The registry fees for some 259 TLDs, including those managed by Donuts, Verisign and Afilias, are currently publicly available online, after a programmer used what they called a “bug” in Cloudflare’s API to scrape together price lists without actually buying anything.
Cloudflare famously busted into the domain registrar market last September by announcing that it would sell domains at cost, thumbing its nose at other registrars by suggesting that all they’re doing is “pinging an API”.
But because most TLD registries have confidentiality clauses in their Registry-Registrar Agreements, accredited registrars are not actually allowed to reveal the wholesale prices.

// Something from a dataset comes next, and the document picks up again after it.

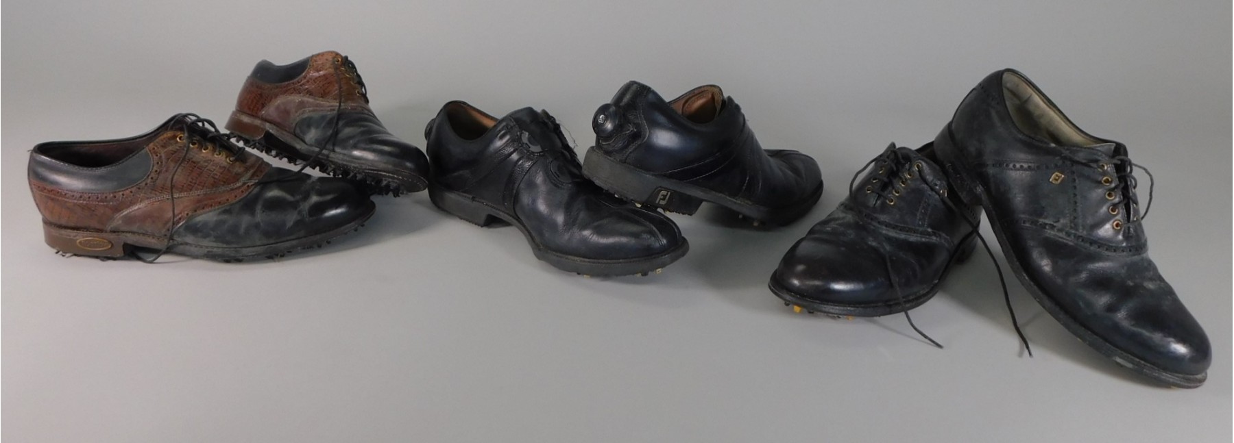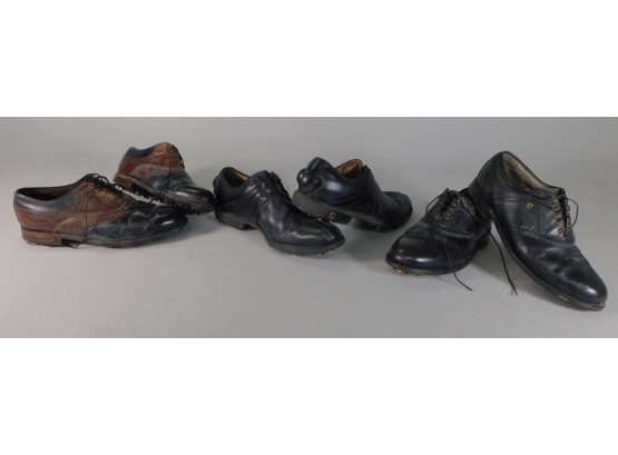 3 pair of shoes. The Footjoy Opti Flex are size 11M. The other 2 pair are 10 1/2. These shoes have been worn. Cleats are in good condition.
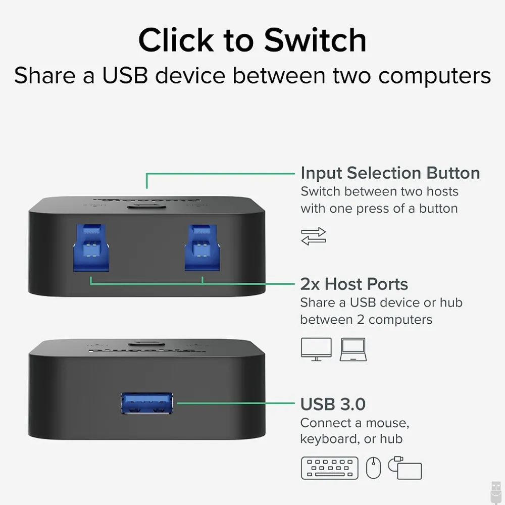 - Save desk space with slim design, 1 “A” port for connecting any USB 3.0, 2.0 or 1.1 device or hub which will be shared/switched

That’s kind of a problem if you’re a registrar that has announced that you will never charge a markup, ever.
Cloudflare has tried to get around this by not listing its prices publicly.
Currently, it does not sell new registrations, instead only accepting inbound transfers from other registrars. Registry transaction reports reveal that it has had tens of thousands of names transferred in, but has not created a significant number of new domains.
(As an aside, it’s difficult to see how it could ever sell a new reg without first revealing its price and therefore breaking its NDAs.).
It appears that the only way to manually ascertain the wholesale prices of all of the TLDs it supports would be to buy one of each at a different registrar, then transfer them to Cloudflare, thereby revealing the “at cost” price.
This would cost over $9,500, at Cloudflare’s prices, and it’s difficult to see what the ROI would be.
However, one enterprising individual discovered via the Cloudflare API that the registrar was not actually checking whether they owned a domain before revealing its price.
They were therefore able to compile a list of Cloudflare’s prices and therefore the wholesale prices registries charge.
The list, and the script used to compile it, are both currently available on code repository Github.
The bulk of the list comprises Donuts’ vast portfolio, but most TLDs belonging to Afilias (including the ccTLD .io), XYZ.com and Radix are also on there.
It’s not possible for me to verify that all of the prices are correct, but the ones that are comparable to already public information (such as .com and .net) match, and the rest are all in the ballpark of what I’ve always assumed or have been privately told they were.
The data was last refreshed in April, so without updates its shelf life is likely limited. Donuts, for example, is introducing price increases across most of its portfolio this year.